Euvic Solutions S.A and Google has been actively involved in the development of Industry 4.0, which is also known as the Fourth Industrial Revolution. This revolution involves the integration of advanced digital technologies such as the Internet of Things (IoT), big data analytics, artificial intelligence, and machine learning into manufacturing processes.

As part of its Industry 4.0 initiative, Google has developed several tools and solutions that help manufacturers improve their operations and optimize their processes. One such tool is The Manufacturing Data Engine, uses machine learning algorithms to analyze large volumes of data in real-time, providing manufacturers with valuable insights into their operations. This enables manufacturers to make data-driven decisions, identify patterns and trends, and make continuous improvements to their processes. Overall, the Manufacturing Data Engine is an important tool for manufacturers looking to embrace Industry 4.0 and take advantage of the benefits of digital transformation.

Zbigniew Gała is a Digital Transformation Manager and Enterprise Architect. He brings a unique perspective to the table, having successfully led and delivered large-scale IT initiatives across a wide range of industries. With a focus on creating cohesive and integrated IT solutions, Zbigniew is passionate about leveraging his expertise in data architecture and governance to drive business value and optimize organizational performance. Zbigniew is also certified Business Analyst and Business Process professional with a proven track record of driving process improvements and delivering business value. 

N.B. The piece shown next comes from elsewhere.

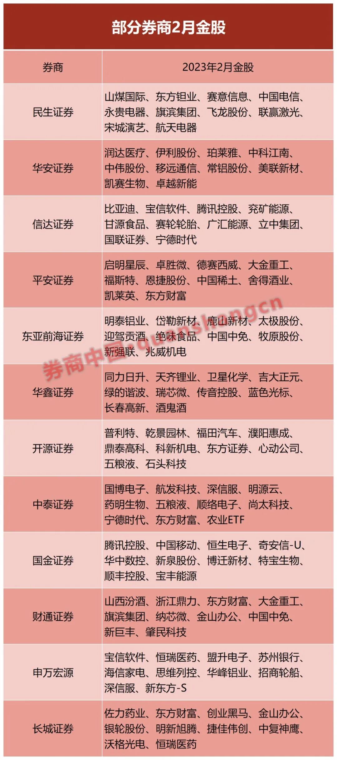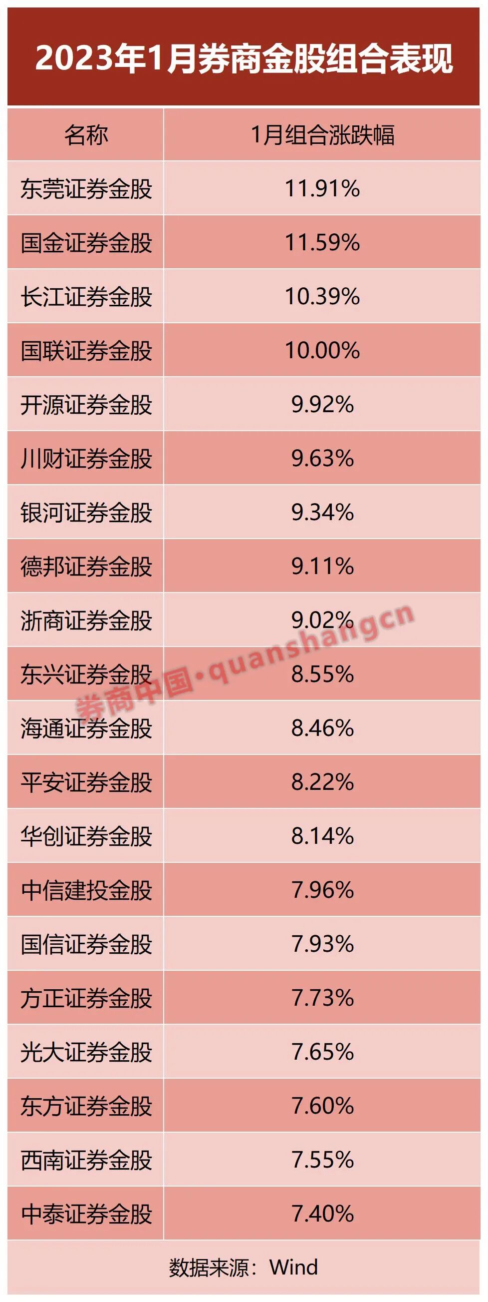 在过去的1月份,券商金股喜迎“开门红”,悉数斩获正收益,东莞证券以11.91%的单月涨幅排名第一,其推荐的10只金股当月全部上涨。

Krzysztof Sprawnik is a Google Cloud Engineer with over 20 years of experience in the IT industry. He is passionate about using technology to solve real-world problems, and he has a deep understanding of the challenges and opportunities that businesses face in today's digital age. Krzysztof began his career as a hardware engineer, and he quickly developed a strong understanding of how computers work. He then moved into the field of virtualization, and he helped to develop some virtualization solutions that were used in the enterprise. In recent years, Krzysztof has focused on cloud solutions, and he is now an expert in Google Cloud Platform. He is a highly skilled and experienced engineer, and he is also a great communicator. He is able to explain complex technical concepts in a clear and concise way, and he is always willing to help others learn and grow. Krzysztof is a valuable asset to any team, and he is sure to make a significant contribution to Google Cloud Platform.

 

Implementing Innovations in Production Processes using Agile Business Models and Technology Convergence

 

Marek Gabryś President of the Management Board, co-owner of AIUT Group   Download the presentation

 

Marek Gabryś, an engineer, entrepreneur and innovator, he has been involved with the AIUT Group's operations for over 20 years. As a long-standing vice-president/co-owner and, since 2021, the president of AIUT and majority owner, involved in the group's global operational activities.

AIUT is an engineering company (1000 employees, 600 engineers) delivering complex automation, and robotics solutions worldwide. AIUT HQ is in Gliwice, Poland with subsidiaries (local competence centers) in the USA, Canada, Germany, Romania, India and China. AIUT provides automation integration, software development, machine building, robotized production lines, automated warehousing, intralogistics (based on proprietary AMR/AGV solution), digital twin for assets management (IBM Maximo), IoT systems and more. The company helps to build cutting-edge technologies and implement innovative products.